Social and Behavioral Science
Dr. Micheline Strand
The goal of this Program is to promote the scientific study of human behavior by supporting positivistic research to discover basic theoretical foundations of human behavior at all levels, from individual actors to whole societies, for all temporal and spatial scales. Two specific goals of this Program are to (i) develop generalizable approaches that reliably and accurately measure social and behavioral concepts, and (ii) discover and test causal theories that describe, explain and predict behavioral responses to physical, environmental, psychological or social stimuli. Research in this program can include a broad range of empirical and theoretical approaches including empirical studies that require primary data collection, such as random control trials, quasi experiments, laboratory and field experiments, surveys, comparative and observational studies, or the use of secondary data sources, such as archival data or news reports, as well as formal, mathematical or computational approaches. The program encourages the collection of primary data for the development and testing of theoretical models and for the development and advancement of methodologies for data collection, statistical methods, and research designs that have the potential to help advance scientific understanding of human behavior.

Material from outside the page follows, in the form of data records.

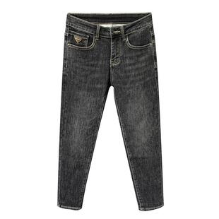 男2026春秋新款 休闲长裤 高端潮流刺绣修身 韩版 子 小脚裤 黑色牛仔裤
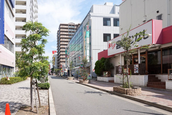 反対方向にはファミリーマートやチファジャなどがあるビルがあり、進んでいくとカラオケバンバンや万代などがある府道148号線に出ます。
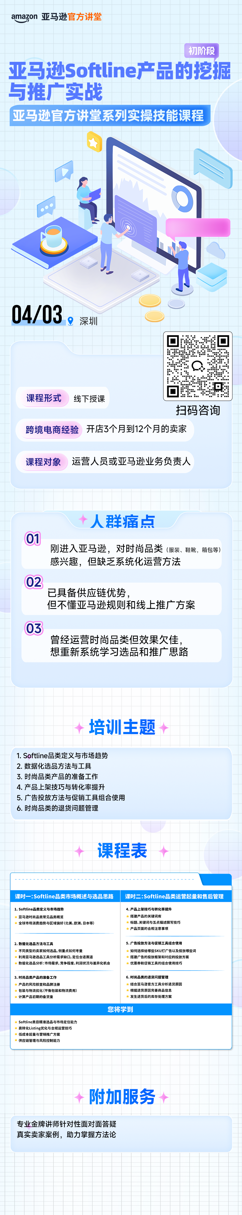 最新 【亚马逊官方讲堂系列实操技能课程】亚马逊Softline产品的挖掘与推广实战
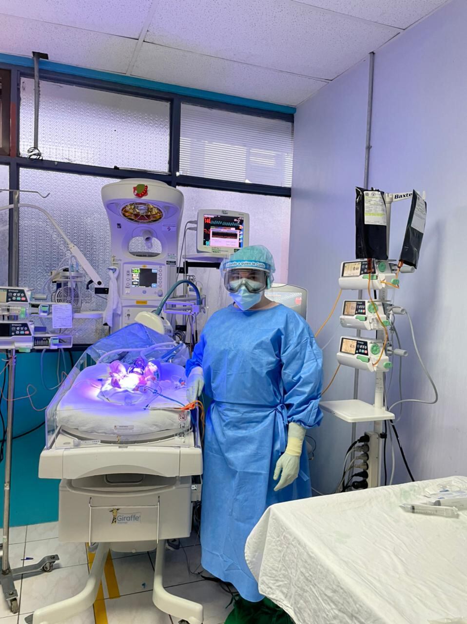 “A pesar de que estábamos preparados con la unidad covid-19 neonatal, fue un reto para el servicio de Neonatología la atención del bebé por su prematuridad y bajo peso, el requerimiento de ventilación mecánica y otros cuidados mayores”, comentó.
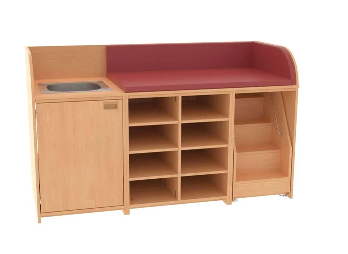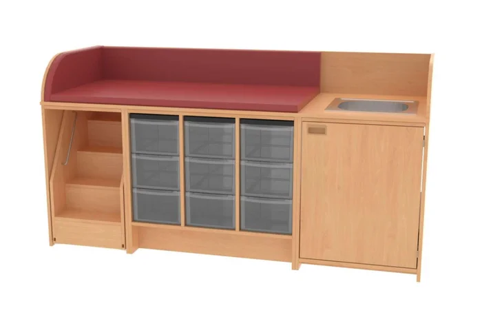 Wickelkommode mit Treppe, Waschbeckenbecken, Unterschränken mit Boxen
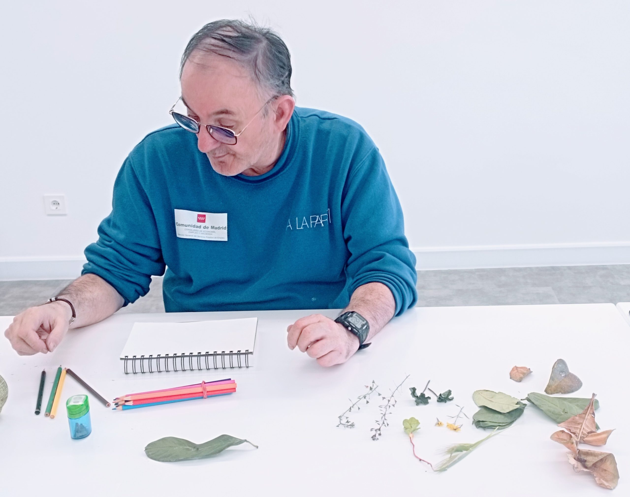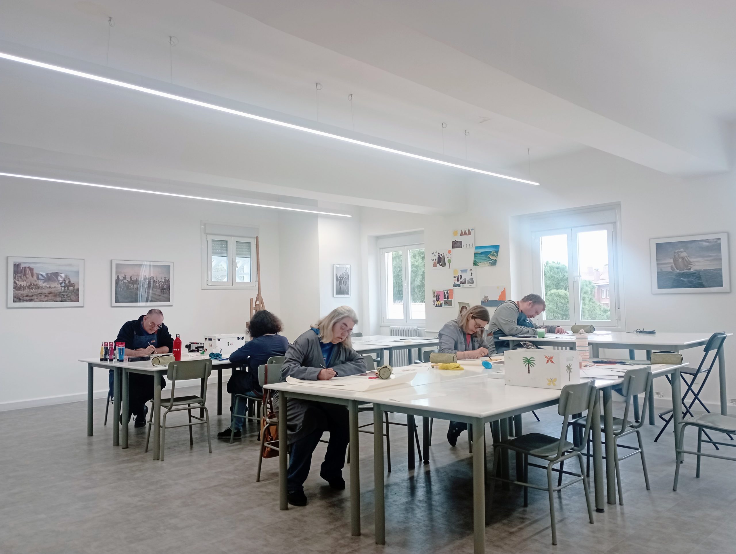 El taller es amplio: aula diáfana dotada de buena luz natural y una iluminación ambiental clara que ensalza el espacio. En ella se distribuyen mesas blancas y grandes sobre las que se disponen/desparraman láminas, pinceles, pinturas y paletas: las herramientas del día a día de los estudiantes del “Taller de Arte y Aventuras por Madrid” que acoge la Fundación A LA PAR.
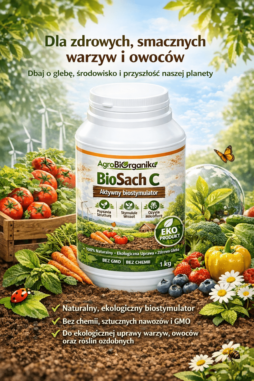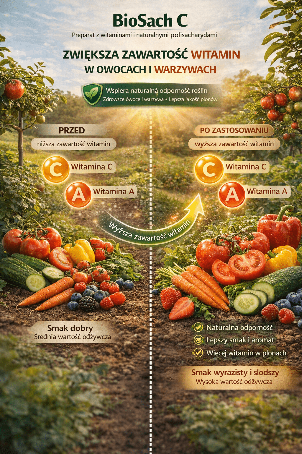 BIOSACH C może w sposób pośredni, ale bardzo wyraźny wpływać na poprawę jakości owoców i warzyw, głównie poprzez oddziaływanie na glebę oraz kondycję roślin.

This includes, but is not limited to, research on physiological and/or behavioral responses to social situations at multiple levels of analysis including: population level adaptation and response to natural and human induced perturbations including, but not limited to, climate change, mass migration, war, and attempts at democratization; the role of culture, cognition, institutions and other intermediary level factors in accounting for variations in human behavior; the impact of social context on individual human decision-making under risk and uncertainty; and the search for organizing principles to describe emergent and latent properties of dynamic social systems and networks. The development of a systematic and efficient approach to collect and analyze data to describe fundamental social processes and detect changes in institutional structures combined with theories of cause and outcomes in the behavioral realm will provide military decision makers with the capability to anticipate and mitigate behaviors that impact U.S. interests and national security.